Below one of the pictures, Les Amis say that the chain can be difficult for people who are trying it out for the first time, but they make it up with ease. And that's pretty much what happened with us. Geneviève and Gerard scrambled up like it was a walk in the park and, despite the "new and improved" chain, we took the alternate route (marked on the map with yellow dots) that circumvents the chain. I thought they might like to split up at that point, but they didn't and when we got to the top, we all had a nice picnic lunch together and they pointed out other landmarks that you can see from Victoire.

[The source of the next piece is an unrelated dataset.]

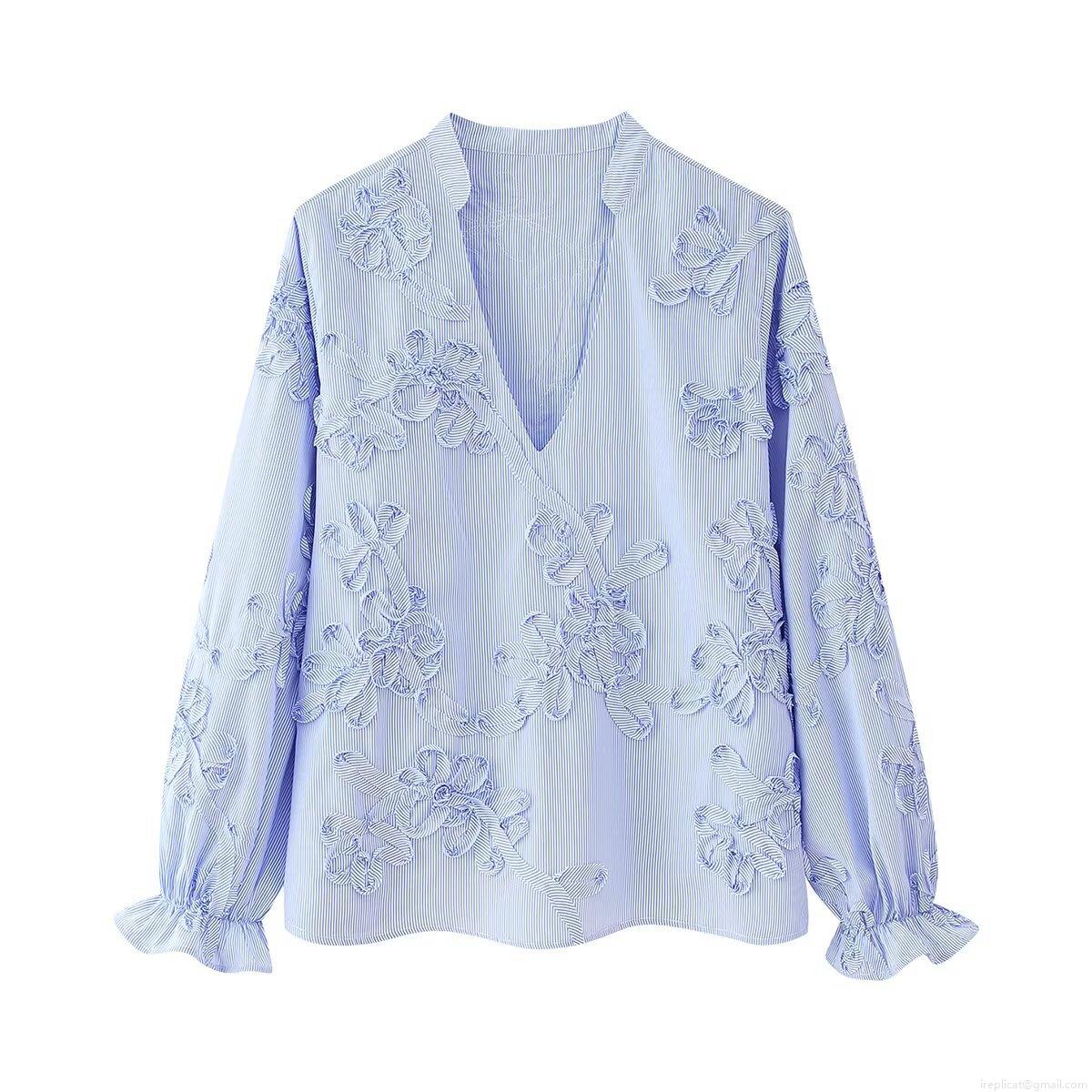 • Women's European Style V-Neck Lantern Sleeve Striped Shirt With 3D Floral Applique Ruffle Cuff Long Sleeve Polyester Casual Top

This view is toward the north. Off to the northeast (right side of the panorama) you can see the snow-covered Alps. (This was at the end of January.) Then the range in the distance in the center-right should be the mountains of the upper Var, and the range on the left of the picture are the mountains of the Luberon (where we will definitely go hiking). The snow covered peak off in the distance on the left is the Mourre Negre (in Provençal, mourre = face/snout/muzzle and negre = black) the highest peak in the Luberon. In the bottom left of the picture, you can just see a little bit of lake which is Lac Bimont. So now you can look this up on a map if you're so inclined.

Here we are at the Croix de Provence, Alps behind us in the distance.


There are lots of hiking trails to Victoire from surrounding towns and villages, and you can even walk to the Croix de Provence from Aix. There are plenty of hiking trails on the mountain itself, or rock-climbing if that's more your speed.

All the hiking around here is great and Geneviève and Gérard gave us some great tips about other areas to go hiking (some of which we've already visited), as well as the name of those guidebooks which make getting there a lot easier ... at least as far as finding the trailhead is concerned. Getting there by public remains a different matter, but we've been able to go hiking almost every weekend since the end of January.

So more posts to come about other hikes, and with more photos next time -- Geneviève and Gérard's half-jog up Sainte Victoire didn't leave much time for photos!

1 comment:

Anonymous said...

Wow what a neat hike...I sure it was too tough for me but I would love to give it a shot...so not to be out-done by Frenchman my age! How kind of the couple to befriend you and share their knowledge of the area.